Говоря об отношении Лермонтова к Отечественной войне, мы всегда будем отдавать предпочтение «Бородину» перед другими произведениями, потому что не найти у него другого, в котором с такою великой силой и простотой, так обширно была бы выражена любовь к 1812 году, к России, к победе. Сколько ни читаешь «Бородино», каждый раз находишь в нем все новые, не замеченные прежде достоинства.
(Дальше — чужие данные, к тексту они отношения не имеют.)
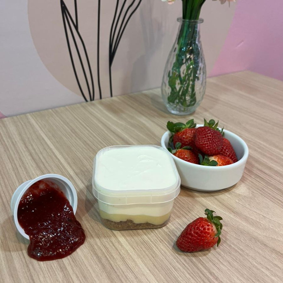Uma farofinha de biscoito amanteigado super crocante, com uma camada de brigadeiro cremoso branco , um creme de cheesecake bem cremoso , acompanha um potinho de geleia de morango para você colocar por cima dessa deliciosa cheesecake . Aproximadamente 150g
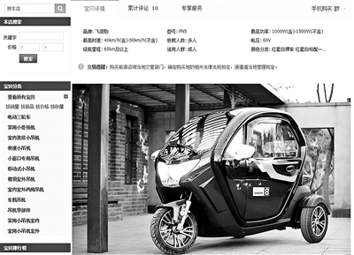 如淘寶上一家電動車銷售商家就直言標(biāo)注:“此車不能辦理牌照,也不需要駕照,請根據(jù)當(dāng)?shù)貙?shí)際政策購車,不能因上牌問題退貨?!?/p>
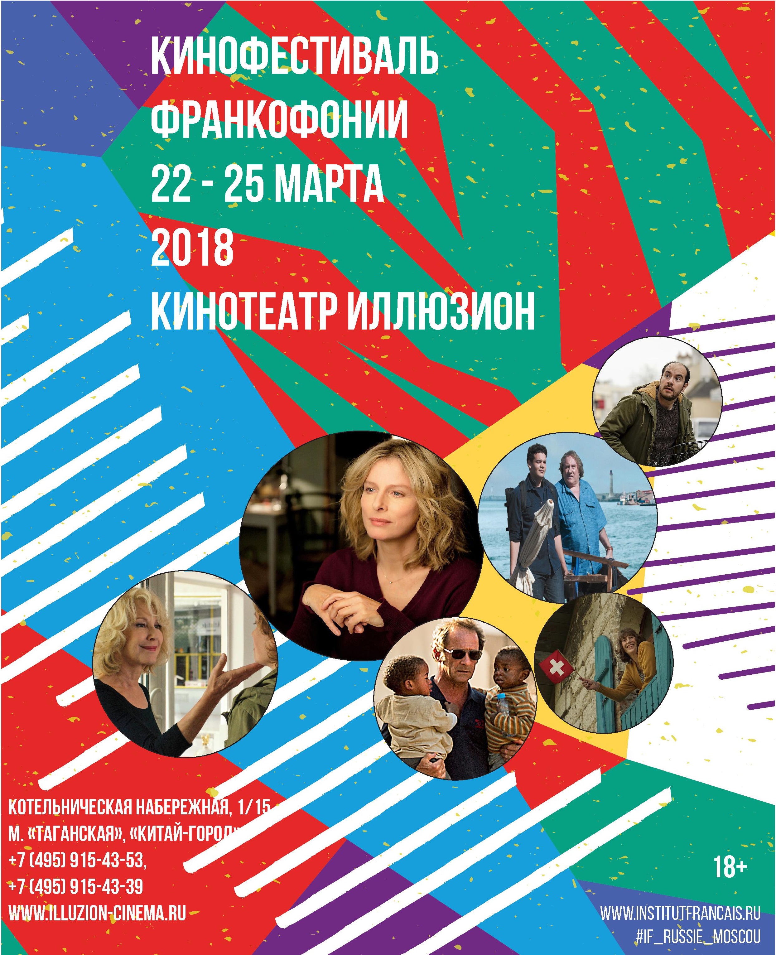 С 22 по 25 марта в московском кинотеатре «Иллюзион» в рамках «Дней франкофонии» пройдет Кинофестиваль франкофонии. Зрителям будут представлены семь кинолент из Франции, Швейцарии, Бельгии и Румынии, а также программа анимационных фильмов из Канады.
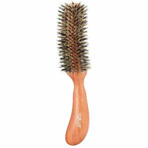 髪の細く柔らかい方、髪の量の少ない方向けのブラシ。 木の持ち柄で獣毛100%のヘアブラシは、髪には大敵の静電気を最も起こしにくい素材の組み合わせであり、(帯電列において髪の毛と獣毛は最も近い素材、木材はハンドルの原料となりえる髪の毛に最も近い素材であるため静電気が起こりにくい)過度なブラッシングによる髪の負担を軽減します。  かつての天然毛100%のブラシは、猪毛や黒豚毛等が使用され、硬く毛の細い方や毛量の少ない方には頭皮の刺激が強すぎるため、「細く柔らかい毛を密に植えたヘアブラシ」が適しています。  SANBIでは、柔らかい白豚毛と黒豚毛を独自の方法で調合し、ソフトなあたりのブラシを独自のノウハウで開発。このソフトなあたりは、70年以上ヘアブラシ製造を行ってきたからこそ可能となり、SANBI独自の植毛技術でつくられています。  天然木の持ち柄は、全面曲面の持ちやすさを追求した形状。 70年以上美容師向けのブラシを作り続けていたからこそできるブラシづくりのノウハウが詰まった商品です。 頭の形状に沿ったS字型のL-381 右利きにも左利きにも使いやすいI字型のL-351 シャンプー前のブラッシングや、お出かけ前の髪のセットにご使用ください。
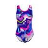 К 22.48 Цельнокроеный купальник для девочек выполнен из яркой принтованной ткани. Изделие с боковыми швами.

И видишь, как выразилось в нем время, о котором идет рассказ, и напряженный интерес к этой великой эпохе.
Я хочу напомнить строчки, которыми начинаются «Былое и думы» Герцена:
«– Вера Артамоновна, ну, расскажите мне еще разок, как французы приходили в Москву, – говаривал я, потягиваясь на своей кроватке…»[178]
Так ведь это же герценовское «Скажи-ка, дядя…»! Подобное зачину лермонтовского стихотворения с просьбою вопрошающего подтвердить, что спаленная пожаром Москва отдана завоевателю не даром, а ценою великого сопротивления, с которым было сопряжено его вступление в покинутую жителями столицу.
Что это – случайное совпадение?
Нет, не случайное!
И для Герцена, и для Лермонтова, и для всего поколения, вышедшего из младенческих пеленок уже после войны, Бородинское сражение, пожар Москвы, Березина, взятие Парижа были «колыбельной песнью, детскими сказками»[179]. Герцен, слушая подростком рассказы о том, как он на руках у кормилицы оставался в горящей Москве, улыбался от сознания, что «принимал участие в войне»[180].
Лермонтов был моложе: он родился уже в послепожарной Москве, когда русские войска возвращались из-за границы. Но и того и другого воспитал 1812 год – он определил их понятия, внушил веру в моральную силу народа, в величие его исторической миссии, взлелеял надежду, что, свершив подвиг, какого не было «от начала мира», освободивши отечество, он – русский народ – должен наконец и сам обрести свободу. Нет! Они не видали войны. И тем не менее она была для них реальнее всякой реальности и не менее достоверна, чем окружавшая их очевидность. Слушая старших, они видели события великой войны и заново переживали ее.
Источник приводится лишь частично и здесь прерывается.